E-democracy: non aver paura delle alternative

Bruxelles, 12 ottobre 2016. Intervento di Barbara Spinelli, in qualità di relatore ombra per il Gruppo GUE/NGL della Relazione “e-democrazia nell’Unione europea: potenziale e sfide” (Relatore Ramón Jáuregui Atondo – S&D Spagna) nel corso della riunione ordinaria della Commissione Affari Costituzionali (AFCO).

Punto in agenda: Esame del progetto di relazione

Ringrazio il collega Atondo per il documento presentato. A differenza del collega Preda (PPE – Romania) che mi ha preceduto, trovo particolarmente importante, giusta e aderente alla realtà la premessa contenuta nel Considerando A della Relazione, ossia il richiamo alla crisi grave della democrazia nell’Unione e alla rappresentanza sempre più inadeguata dei cittadini.

Apprezzo molto i paragrafi relativi al digital divide, laddove si sottolinea non solo la necessità della formazione e dell’educazione ma anche la questione geografica. In tal caso, si tratta di potenziare le infrastrutture per arrivare in territori non coperti dal digitale.

È anche degno di nota il paragrafo 16 della Relazione, in cui si fa riferimento alla protezione dei dati personali e, in particolare, al fatto che le esigenze di sicurezza non possono diventare un deterrente contro l’inclusione di individui e gruppi nel processo democratico.

Vi sono altre parti su cui invece nutro alcuni dubbi e che diverranno probabilmente oggetto di miei emendamenti.

In primo luogo ritengo che a seguito di una premessa così pertinente, le conseguenze che se ne traggono siano, in alcuni casi, di tenore abbastanza generico. Vorrei menzionare innanzitutto il paragrafo 3, letto in combinazione con il precedente paragrafo 1, laddove si parla di obiettivi dell’e-democracy e si assicura che lo scopo non è di cercare alternative all’ordinamento attuale della democrazia. Personalmente non avrei così paura di parlare di alternative ai nostri presenti ordinamenti. L’alternativa non è la rivoluzione, non è l’assalto della Bastiglia. E’ giusto un’alternativa. In democrazia è sempre positivo quando, in presenza di fallimenti o di difetti evidenti, si tentano strade alternative, anche se complementari al sistema rappresentativo. È il motivo per cui non vedrei la e-democracy soltanto come “support and enhancement of traditional democracy” se, è vero, come dice lo stesso collega Atondo nelle premesse, che la democrazia tradizionale è oggi in stato di crisi profonda.

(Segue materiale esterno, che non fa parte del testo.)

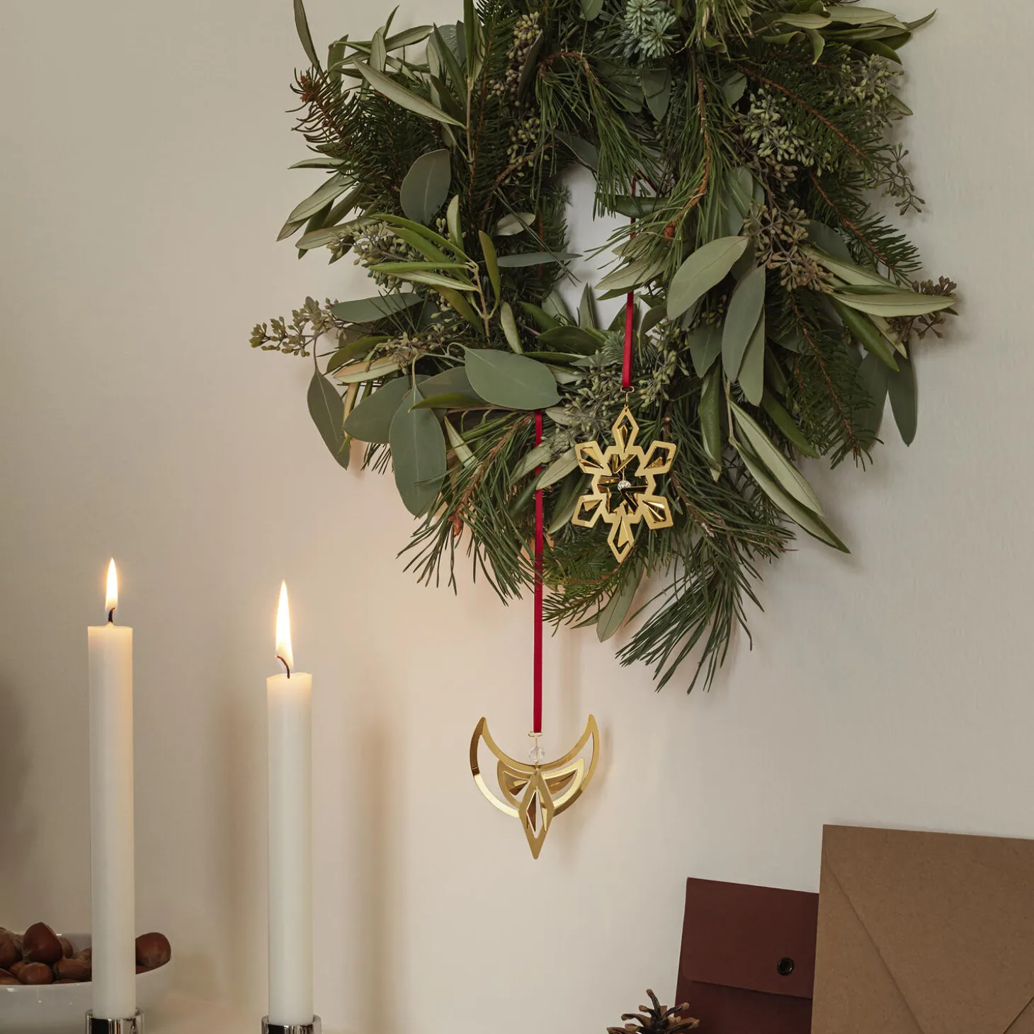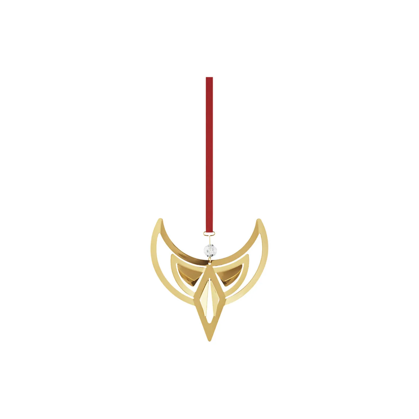 Dette smukke engleornament fra 2024 Julekollektionen er belagt med 18 karat guld og designet af Georg Jensens mangeårige samarbejdspartner Sanne Lund Traberg. Ornamentets elegante form er flankeret af gyldne vinger og har en glimtende zirkon-kugle i toppen. Engleornamentet hænger i et flot, rødt bånd. Der medfølger også et blåt bånd, som symboliserer julekollektionens tema: en stjerneklar vinternat.

Suggerirei inoltre di modificare lo stesso paragrafo 1 e, in particolare, la terminologia citizens’ enablement. Parlerei piuttosto di citizens’ empowerment. Si tratta di un concetto politicamente più incisivo, su cui l’economista Amartya Sen ha lungamente lavorato: sarebbe interessante vederlo riflesso in questa relazione.

Tra gli altri punti che vorrei sollevare vi è sicuramente la parte relativa all’Iniziativa dei Cittadini Europei (ICE). Sono molto più critica del collega Atondo rispetto alle risposte fornite dalla Commissione (“è troppo presto per introdurre modifiche all’ICE”, così ha risposto alla recente risoluzione Schöpflin) e soprattutto verso l’atteggiamento massimamente restrittivo mostrato sull’ammissibilità delle Iniziative.

Sempre in tema di digital divide, mi piacerebbe che fosse integrato un richiamo più esplicito ai diritti della persona anche in campo digitale e, nello specifico: il principio di non-discriminazione, la libertà di espressione e informazione, il diritto all’educazione. Al contempo farei anche un richiamo esplicito al diritto allo sviluppo e ai diritti sociali, che sono fondamentali al fine di superare effettivamente il digital divide.

Vorrei fare infine un ultimo accenno alla possibilità di redigere una Carta europea dei diritti in internet modellata sull’analogo strumento italiano. Quest’ultimo era espressamente richiamato nel documento di lavoro preparatorio che ha preceduto la Relazione, ma di esso non vi è più traccia. Capisco che la Relazione ha uno spazio limitato, ma il riferimento alla Carta approvata dal Parlamento italiano nel luglio 2015 potrà essere reintrodotto negli emendamenti.

Ricordo solo che la Carta italiana integra una serie di diritti già citati dai colleghi che mi hanno preceduto, tra cui il diritto all’oblio e la necessità di superare ogni forma di divario digitale, sia esso legato alle diseguaglianze sociali, geografiche o anche di età. In un continente che invecchia, la formazione digitale è certo importante per le giovani generazioni, ma lo è in misura non minore per gli anziani.